Reporting to the QC Manager, this pivotal role will be responsible for overseeing and implementing the transition of certain cleanrooms classification from Grade D to Grade A, ensuring compliance with stringent regulatory standards. In addition, the Site Microbiologist manages adherence to the classification of all remaining non-Grade A spaces. This role demands a strong self-starter with a deep understanding of microbiology and associated risks in a biopharmaceutical EU GMP plant.
KEY RESPONSIBILITIES
* Lead and manage the project to upgrade certain cleanroom environments from Grade D to Grade A classification.
* Develop and implement a detailed action plan, including timelines, resource allocation, cost, and risk management strategies.
* Ensure all microbiological practices comply with GMP and Department of Agriculture, Food and the Marine requirements, and any other relevant regulations.
* Conduct regular audits and inspections to maintain a high standard of cleanliness, sterility, and bioburden control.
* Design and implement robust environmental monitoring programs for the upgraded cleanrooms.
* Analyze environmental monitoring data, identify trends, and take corrective actions as necessary.
* Lead aseptic process simulation (APS) qualification activities as per the guidance of Annex 1 for new and existing equipment required to support aseptic processing in the upgraded cleanrooms.
* Develop and execute aseptic process simulation validation protocols and generate comprehensive aseptic process simulation validation reports.
* Experience with validation and qualification of manufacturing equipment, HVAC systems, and other critical systems in a GMP environment.
* Draft, review, and update SOPs related to microbiological practices, cleanroom operations, and environmental monitoring.
* Provide training on microbiological techniques, environmental monitoring, and GMP requirements.

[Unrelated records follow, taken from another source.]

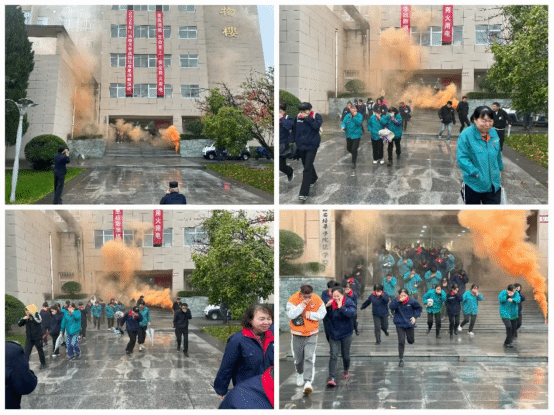 随着模拟火灾警报的响起,格物楼东广场浓烟滚滚,受训人员迅速进入应急状态,捂住口鼻,在工作人员的指引下,迅速有序撤离至楼下安全地带。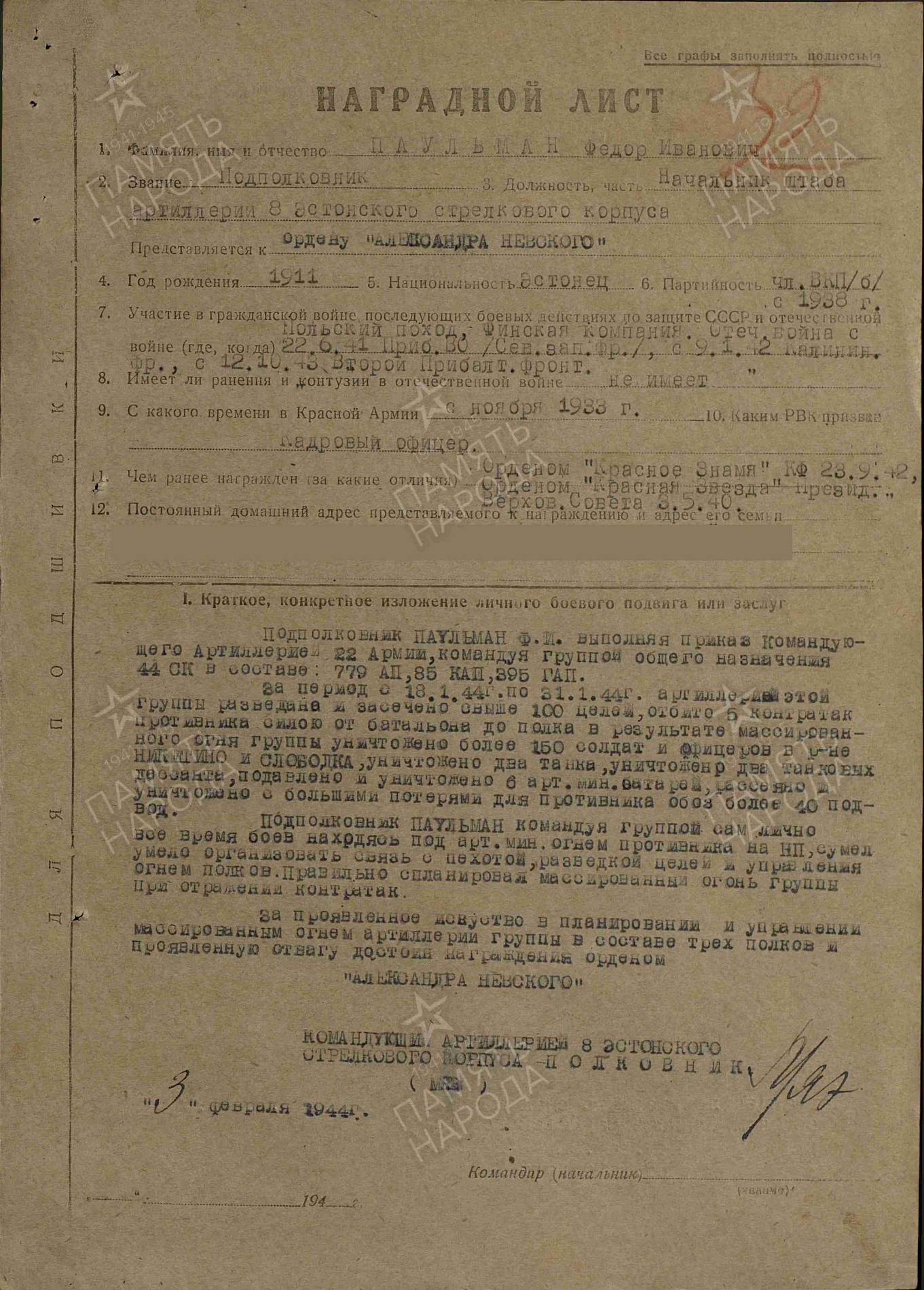 major Elmar Paulman (7. laskurdiviisi 23. suurtükiväepolk, 04.02.1944)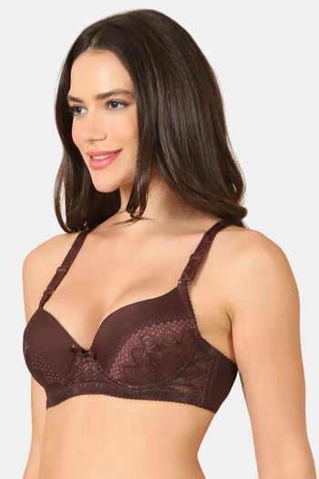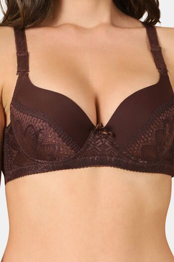 PrettyCat Sexy Lightly Padded Underwire T-shirt bra with bows - Brown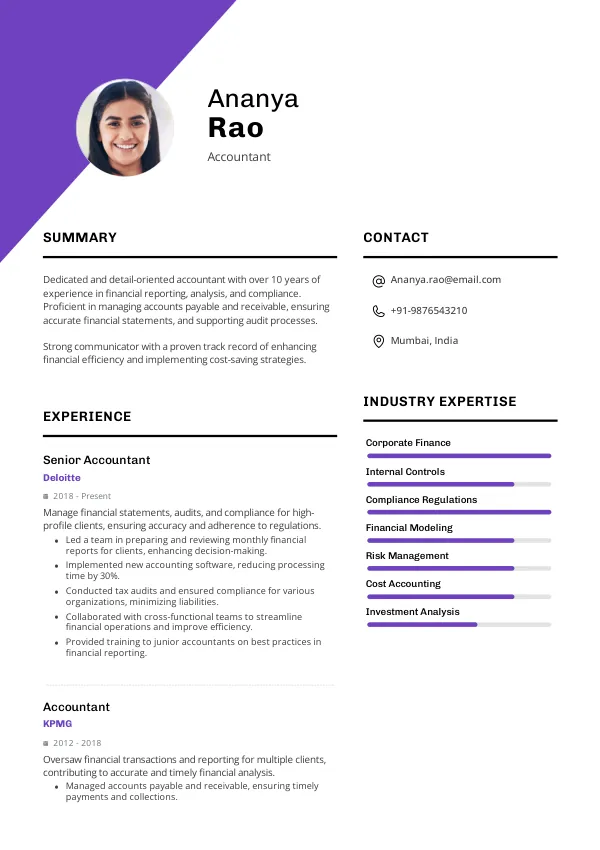 Senior or lead accountants must convey strategic impact and decision-making experience. Omitting this can lead recruiters to question your suitability for senior roles.

* Train staff on new and updated SOPs to ensure consistent adherence.
* Coordinate on-site aseptic processing and gowning training and implement a routine requalification program.
* Implement and maintain effective contamination control strategies to prevent microbial contamination in the manufacturing process.
* Investigate and resolve microbiological deviations and non-conformities.
* Collaborate with Operations, Quality, Engineering, and TSA to ensure microbiological quality throughout the manufacturing process.
* Ability to identify potential environmental, health, and safety hazards in the microbiological lab and manufacturing environments.
* Conduct thorough risk assessments to evaluate and mitigate risks associated with microbiological and cleanroom activities.
* Partner with EHS to ensure proper use and maintenance of PPE to protect employees from microbiological and chemical hazards.
KEY QUALIFICATIONS
* Bachelor's degree in Microbiology, Biotechnology, or equivalent. Master's degree is desirable.
* Minimum of 5 years' experience in a similar role, ideally in a biopharmaceutical manufacturing facility (experience in a facility with Grade A cleanrooms and aseptic processing is highly desirable).
* Extensive experience with cleanroom validation and qualification processes.
* Experience managing and coordinating site environmental monitoring programs.
* Prior experience with cleanroom classification upgrades is highly desirable.
* Experience with regulatory, client inspections, and audits.